According to specialists in antiquities, 4 antiques were sold yesterday at the auction of the famous House of Lyon and Turnbull, “Form Through Time.” 16 days later, 3 more pieces will be sold at the Art for Immortality auction in New York, that is, at a close distance from the UN building and its bodies, which criminalize the sale of smuggling antiquities and calls for the protection of heritage sites as a common global asset that needs protection.

What were sold was a head carved from striped alabaster, with a bronze ibex, from the beginning and middle of the first millennium BC, made of cast bronze, in addition to a memorial plaque of carved alabaster, in relief with a central head of a bull with engraved features, from the third century BC.

The artifacts offered for sale later include the head of a man made of alabaster with inlaid eyes, and a tombstone made of limestone, rectangular in shape, in the upper half of which is a prominent face of a man, in addition to an abstract head of alabaster. These pieces date back to the third and second centuries BC.

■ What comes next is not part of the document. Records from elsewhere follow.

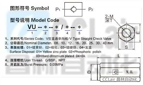 VU-08-G1/4,VU-10-G3/8,VU-12-G1/2,VU-16-G3/4,VU-20-G1,VU-25-G5/4,VU-30-G3/2,VU-40-G2,直通單向閥
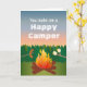 This design features a hot dog and marshmallows toasting over a fire. The background is a tree-lined forest and a sky at dusk. The front reads "You make me a Happy Camper". The inside says "In case I haven't told you lately, you're a wonderful husband, dad, and an all-around great guy. Thank you for making me the happiest woman in the world. Happy Birthday." While the text is aimed at a guy, this card can easily be personalized for anyone. It's especially great for people who like a cookout, bonfire, camp out, nature or the great outdoors.
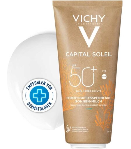 Anwendungsgebiet von Vichy Capital Soleil Feuchtigkeitsspendende Sonnen-Milch LSF50+Die Vichy Capital Soleil Feuchtigkeitsspendende Sonnen-Milch LSF50+ versorgt die Haut dank Hyaluron 24 Stunden mit Feuchtigkeit und schützt sie so vor dem Austrocknen durch Salz, Chlor und Wind. Verpackt ist sie in einer nachhaltigen Karton-Tube.
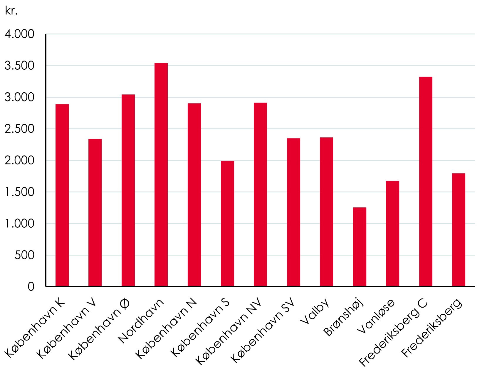 Ser man på de enkelte bydele i København og Frederiksberg, er prisudviklingen tydelig. I godt en tredjedel af bydelene er salgspriserne for en gennemsnitlig ejerlejlighed steget med omkring en million kr. det seneste år. Nordvest har haft den største stigning med godt 26 pct., mens Frederiksberg ligger lavest med en stigning på 13 pct.
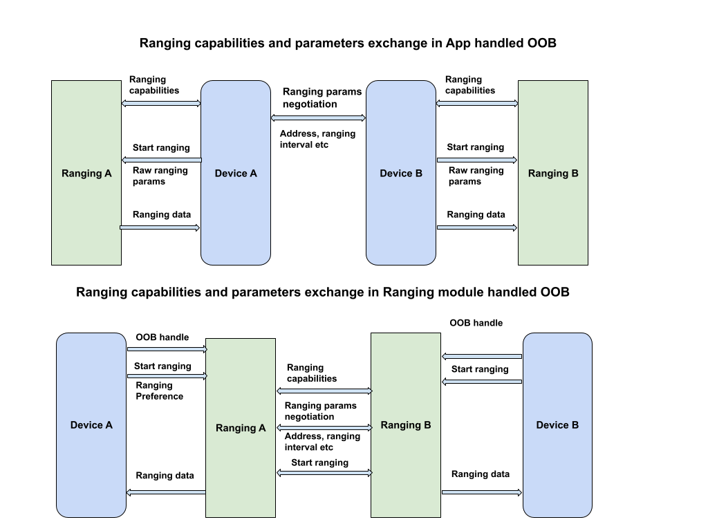 El módulo de Ranging solo define el formato y la secuencia de datos OOB que se usarán para interactuar con un dispositivo par. No controla la detección de dispositivos de pares ni el establecimiento de conexiones.
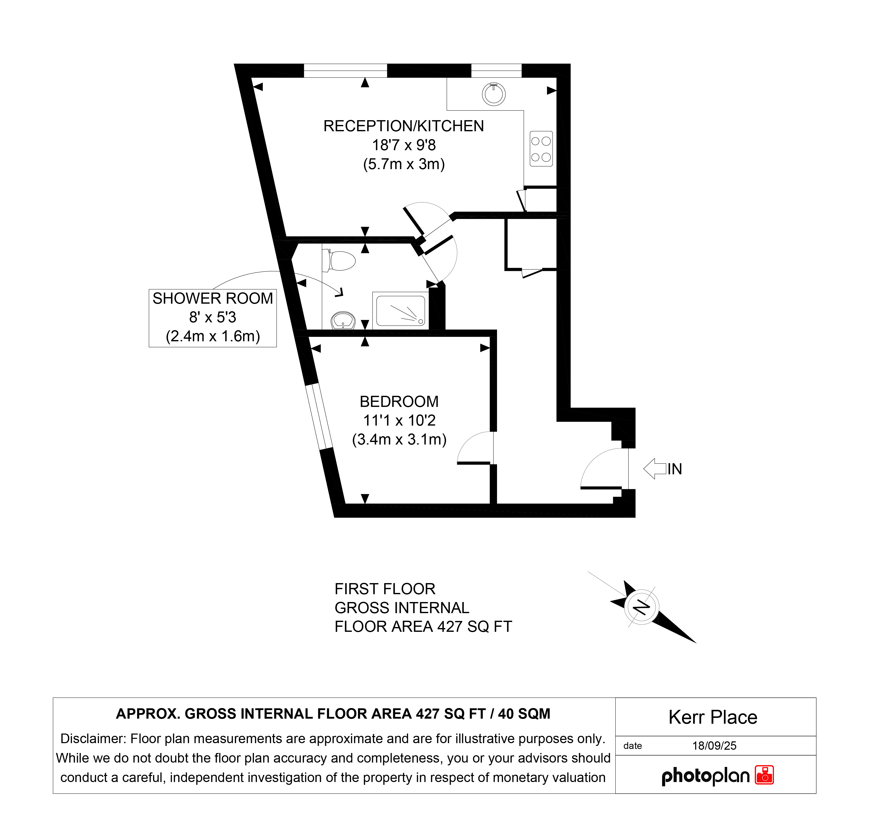 First Floor: Entrance hallway, Bedroom, Bathroom and open plan kitchen/living/dining room
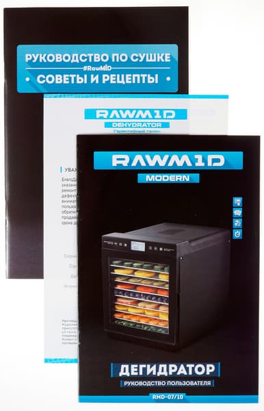 Дегидратор Rawmid Modern RMD-07 нам понравился. Это хоть и достаточно дорогой, но многофункциональный прибор. В отличие от обычных недорогих сушилок круглой формы, которые достаются из закромов в период сезона заготовок, это устройство явно рассчитано на постоянное пребывание на кухне в зоне комфортной досягаемости. Благодаря квадратной форме и неплохому дизайну, дегидратор может занять свое полноправное место на столе, наряду с микроволновкой или блендером.
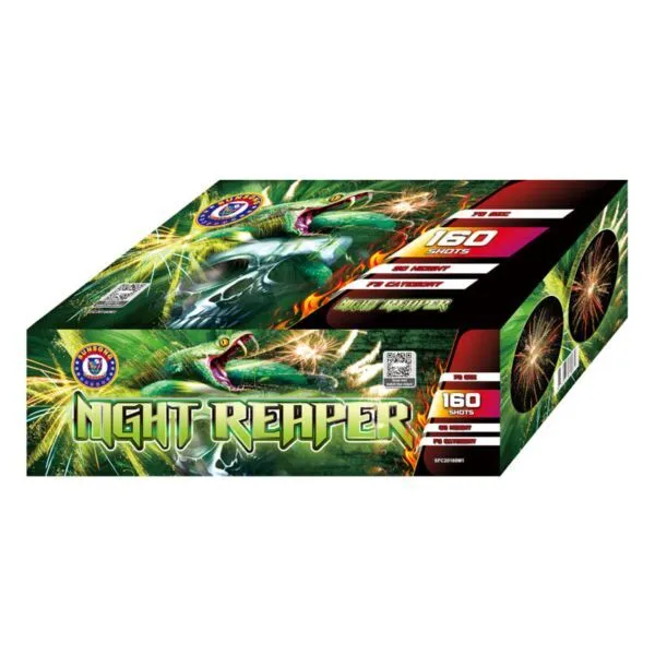 Τα πυροτεχνήματα Night Reaper SFC2016M1 εκτοξεύουν 160 εναέριες βολές μέσα σε 55 δευτερόλεπτα. Το θέαμα που μας προσφέρουν είναι πρωτόγνωρο για ένα τόσο οικονομικό πυροτέχνημα. Μεγάλο ύψος, δυνατοί κρότοι, μεγάλα ανοίγματα και ισχυρό φινάλε.
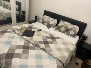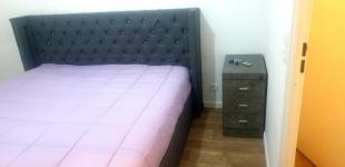 Une chambre avec un grand lit neuf 180×200, meuble et rangement. Grand tv ala salle de séjour. Un balcon. Cuisine.
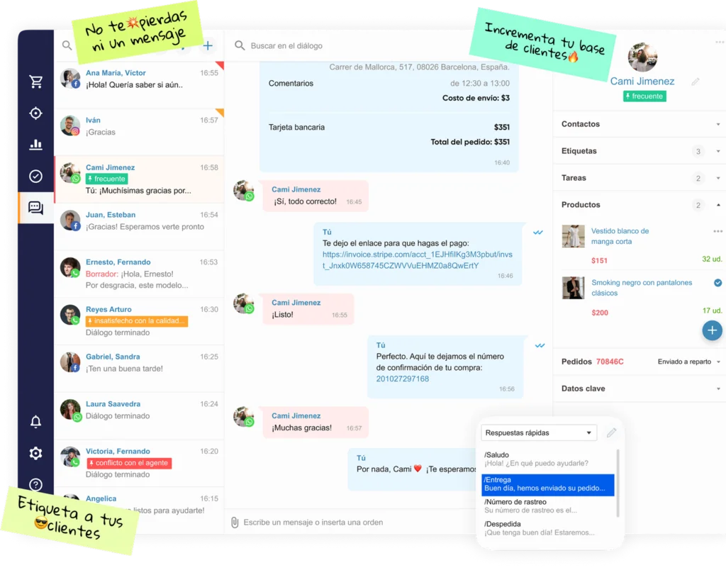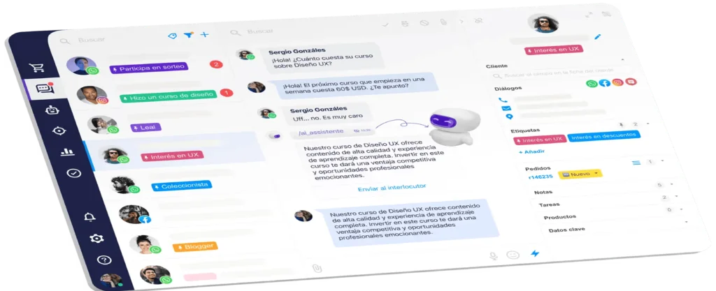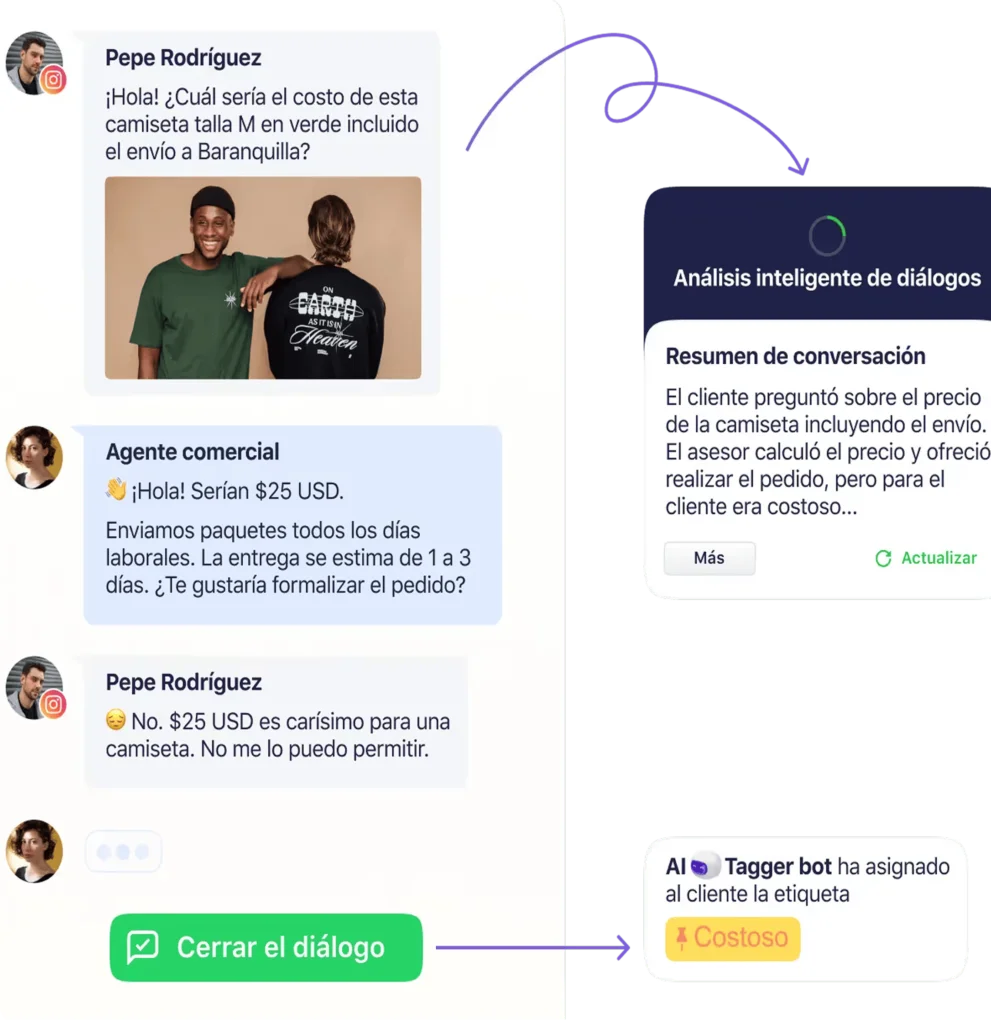 Ayuda a etiquetar al cliente en función del diálogo, así como a evaluar rápidamente el contenido de la conversación.
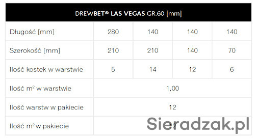 DREWBET® LAS VEGAS, to układ 3 kostek prostokątnych i jednej kwadratowej. Razem tworzą harmonijną i geometryczną przestrzeń. Wieloelementowy system pozwala na dużą swobodę i fantazję w aranżacji nawierzchni. Proponujemy nowe zestawienie tonacji kolorów, nawiązujące do barw ziemi.
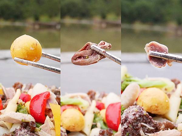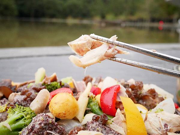 今年南投的花火音樂嘉年華大家有發囉到嗎?,靜香完全沒發囉到超殘念,竟然挑沒有放煙火的日子跑去日月潭 (暈~ 不過能悠閒在日月潭野餐應該也只有平日才能實現,這樣想好過一點,上禮拜和男友帶著鹹水雞、炸雞和堅果派在日月潭旁邊野餐,如果沒有蚊子一切很美好,全台灣都有分店的 "不吃不可鹹水雞" 是我和男友的新寵,像夏天熱到沒胃口直接來一包很可以,多種新鮮蔬菜搭配現剪的雞肉、內臟,不僅客製挑選,而且有菜有肉超均衡,像男友愛吃辣,可以請老闆辣椒多放些,即使是小辣我也無法多吃,辣度還不低,這次分享日月潭分店,有別間分店吃不到的木耳寶寶,聽說是店內熱銷品項
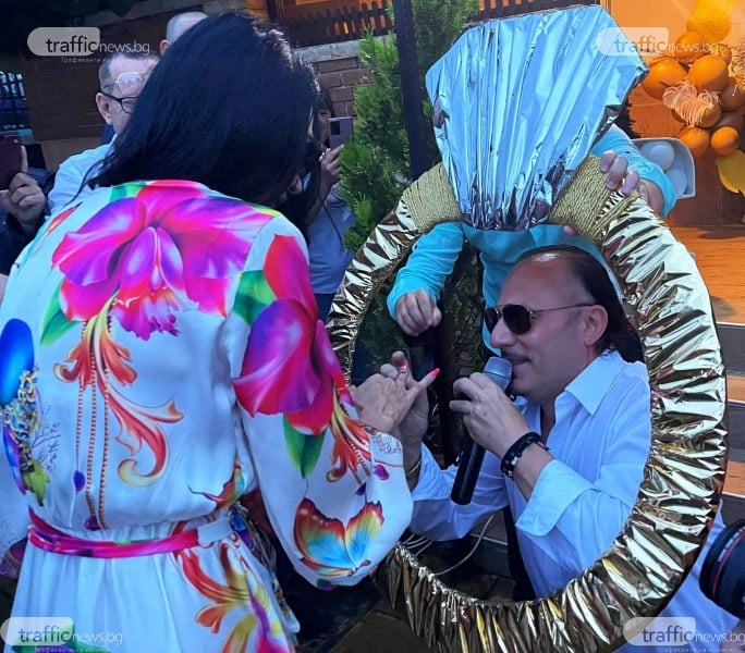 Шумният банкет, който се състоя в пловдивското село Катуница, където фамилията притежава голям имот, едва събра всички поканени гости. Бъдещата госпожа Стoева изглежда сюрпризирана от подготвената изненада. Пред десетки гости и приятели Стоян Стоев коленичи и постави главата си в специално направен мащабен годежен пръстен и по този начин иска ръката й.

And because smuggling does not only include pieces that were stolen from museums, but also from random excavations of archaeological sites, there is no specific statistics on the number of smuggled antiquities, although estimates indicate that thousands of rare pieces and manuscripts were smuggled.

Collecting the fragments of Yemeni antiquities seems impossible because those who claim to protect the history of Yemen, its treasures and collectibles abroad are trading and promoting them, exploiting their control over the occupied areas and their control over airports, land and sea ports.

The bleeding of antiquities smuggling will remain relentless, unless Yemen achieves its independence, and the arduous task remains in tracking down these antiquities in auctions and black markets, and engaging in dozens of judicial disputes to recover them.